Incidentally, the first graph I've presented here also reveals one more useful thing: that the most fiscally positive months for Greece are January, July and October in that order. This will be important to anyone trying to time a Greek default while we're still still running a primary deficit.

PART 2: BEING PUSHED

The second way of timing a default is to look at the exposure of European (in particular French and German) banks to Greece, particularly the Greek sovereign and Greek banks. The only reason we are in this state of suspended animation, from a foreigner's point of view, is in order to prevent massive losses to European banks and the associated contagion. If they could magically remove their exposure to Greece overnight, we would be forced to default at once, whether we liked it or not. This begs the question of how far along they are in dumping Greek assets.

I should note at this point that the markets for most Greek assets are currently very illiquid, so banks are very worried about dumping them as they are unlikely to get a good price. Moreover, when they sell banks have to record losses, whereas a rapidly depreciating bond can be held to maturity without showing a loss. All of this makes it difficult for foreign banks to dump Greek bonds.

You can review the latest data on exposures to Greece with commentary from yours truly here. But what is the trend? Well here we have a problem because the Bank of International Settlements (BIS), the source of all such statistics, has only started providing data with a sector x country breakdown in Q4 2010. Further back, we can only look at aggregates, which are much less useful. But let's see what we can find. The graph below outlines the exposure of banks in Europe, France and Germany to Greece (that's total exposure, including the Greek sovereign, Greek banks and the Greek non-bank private sector:


These data suggest that since the Greek crisis began in late 2009, French and German bank exposure is falling at a rate of 2% every month, or about EUR2bn per month. At this rate, it will take 44 months, or until August 2014, for them to reduce their exposure to zero.

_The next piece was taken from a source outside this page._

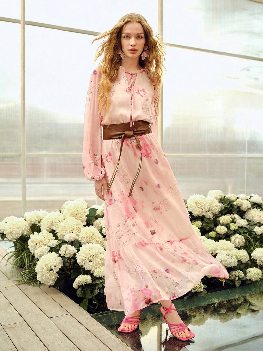 ROMANTYCZNA SUKIENKA Z WIĄZANYM KOŁNIERZEM I RĘKAWAMI W KWIATY, WIOSNA/LATO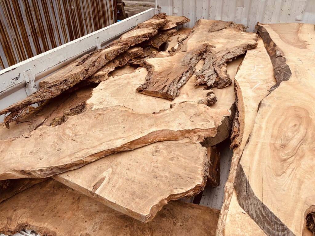 桜、欅、栗、桧、楠、朴、ポプラの瘤杢、そして 神代ニレ まで…まさに豪華なラインナップ。この仕入れは、ただの商取引ではなく、「木と人をつなぐ」というエコロキアの理念にぴったりの出会いでした。

Realistically, French and German banks will never manage this, and even if they could or wanted to, they don't need to wait that long, as they only need to cut their exposure enough so that they can remain capitalised when we default. Also recall that this is total exposure to the country, and although it makes sense to dump Greek banks alongside Greek bonds, it probably doesn't make sense to dump all Greek assets altogether.

But this is the general direction of travel.The query in question can be replicated by trying this link.

More to come, as I've still got data to crunch. For now the verdict is that we're more likely to be pushed than to jump unless we can come up with a real show-stopper. Somehow I doubt we will.

PART 3: GOING APESHIT

There is of course a third clock ticking away. Every quarter I watch the labour market statistics for clues of rising stress. My favourite index is of course the share of the unemployed that turned down job offers in the last quarter; the rationale is that once the fat has gone out of the land and people are forced to take whatever crappy job comes along or drop out of the labour force altogether the result is very angry people in the workplace or on the streets. Regular readers should not need any reminder but the graph as of Q1 2011 is as follows:


A naive extrapolation suggests that we will run out of unemployed people turning down  job offers by Q4 2013. This suggests to me that the apeshit scenario is approaching us faster even than the being pushed scenario. Everyone buckle up.

1 comment:

  1. All of these projections will of course prove totally wrong in case the Greek economy starts showing some (even tiny) growth. With Greeks suddenly discovering exports (I saw some retsina the other day at Tesco's) and the perception growing that greece will be "cheap for holidays" this year, some growth morcels might be in the horizon.